Impairment in Baroreflex Sensitivity in Recent-Onset Type 2 Diabetes Without Progression Over 5 Years.

机构信息

Institute for Clinical Diabetology, German Diabetes Center (DDZ), Leibniz Center for Diabetes Research at Heinrich Heine University, Düsseldorf, Germany.

German Center for Diabetes Research (DZD), München-Neuherberg, Germany.

出版信息

Diabetes. 2020 May;69(5):1011-1019. doi: 10.2337/db19-0990. Epub 2020 Feb 21.

DOI:10.2337/db19-0990
PMID:32086289
Abstract

Impaired baroreflex sensitivity (BRS) predicts cardiovascular mortality and is prevalent in long-term diabetes. We determined spontaneous BRS in patients with recent-onset diabetes and its temporal sequence over 5 years by recording beat-to-beat blood pressure and R-R intervals over 10 min.
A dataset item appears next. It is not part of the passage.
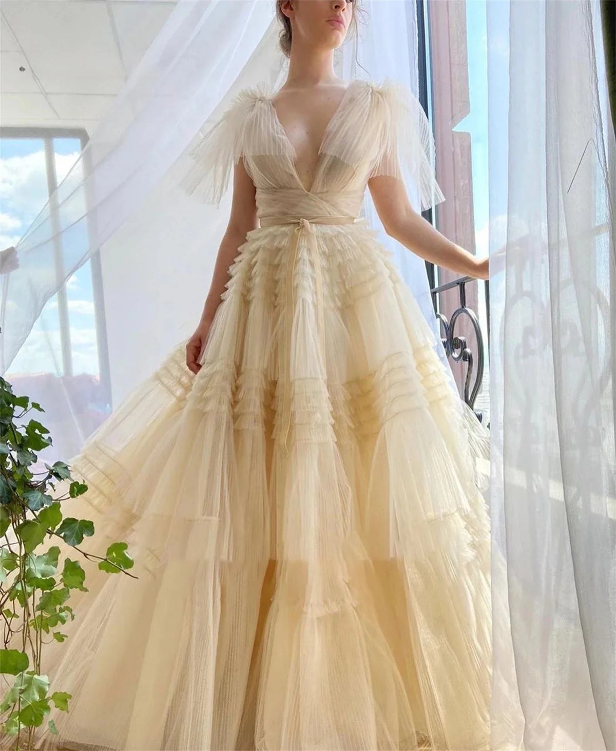Светильник-желтые вечерние платья в несколько рядов с V-образным вырезом без рукавов с лентами в стиле знаменитостей платья принцессы прозр...

Four time domain and four frequency domain BRS indices were computed in participants from the German Diabetes Study baseline cohort with recent-onset type 1/type 2 diabetes ( = 206/381) and age-matched glucose-tolerant control subjects (control 1/control 2: = 65/83) and subsets of consecutive participants with type 1/type 2 diabetes who reached the 5-year follow-up ( = 84/137). Insulin sensitivity (M-value) was determined using a hyperinsulinemic-euglycemic clamp. After appropriate adjustment, three frequency domain BRS indices were reduced in type 2 diabetes compared with control 2 and were positively associated with the M-value and inversely associated with fasting glucose and HbA ( < 0.05), whereas BRS was preserved in type 1 diabetes. After 5 years, a decrease in one and four BRS indices was observed in patients with type 1 and type 2 diabetes, respectively ( < 0.05), which was explained by the physiologic age-dependent decline. Unlike patients with well-controlled recent-onset type 1 diabetes, those with type 2 diabetes show early baroreflex dysfunction, likely due to insulin resistance and hyperglycemia, albeit without progression over 5 years.

摘要

自主神经血压调节功能受损(BRS)可预测心血管死亡率,并且在长期糖尿病中较为常见。我们通过记录 10 分钟的血压和 R-R 间期,确定了近期发病的糖尿病患者的自主 BRS 及其在 5 年内的时间序列。在德国糖尿病研究的基线队列中,有近期发病的 1 型/2 型糖尿病患者(=206/381)和年龄匹配的糖耐量正常对照者(对照 1/对照 2:=65/83),以及连续的 1 型/2 型糖尿病患者亚组(=84/137)进行了 4 个时域和 4 个频域 BRS 指数的计算,这些患者达到了 5 年的随访。使用高胰岛素正葡萄糖钳夹法测定胰岛素敏感性(M 值)。经过适当调整,与对照 2 相比,2 型糖尿病患者的 3 个频域 BRS 指数降低,与 M 值呈正相关,与空腹血糖和 HbA 呈负相关(<0.05),而 1 型糖尿病的 BRS 则保持不变。5 年后,1 型和 2 型糖尿病患者分别观察到一个和四个 BRS 指数下降(<0.05),这与生理年龄相关的下降有关。与血糖控制良好的近期发病 1 型糖尿病患者不同,2 型糖尿病患者表现出早期的压力反射功能障碍,可能与胰岛素抵抗和高血糖有关,但在 5 年内没有进展。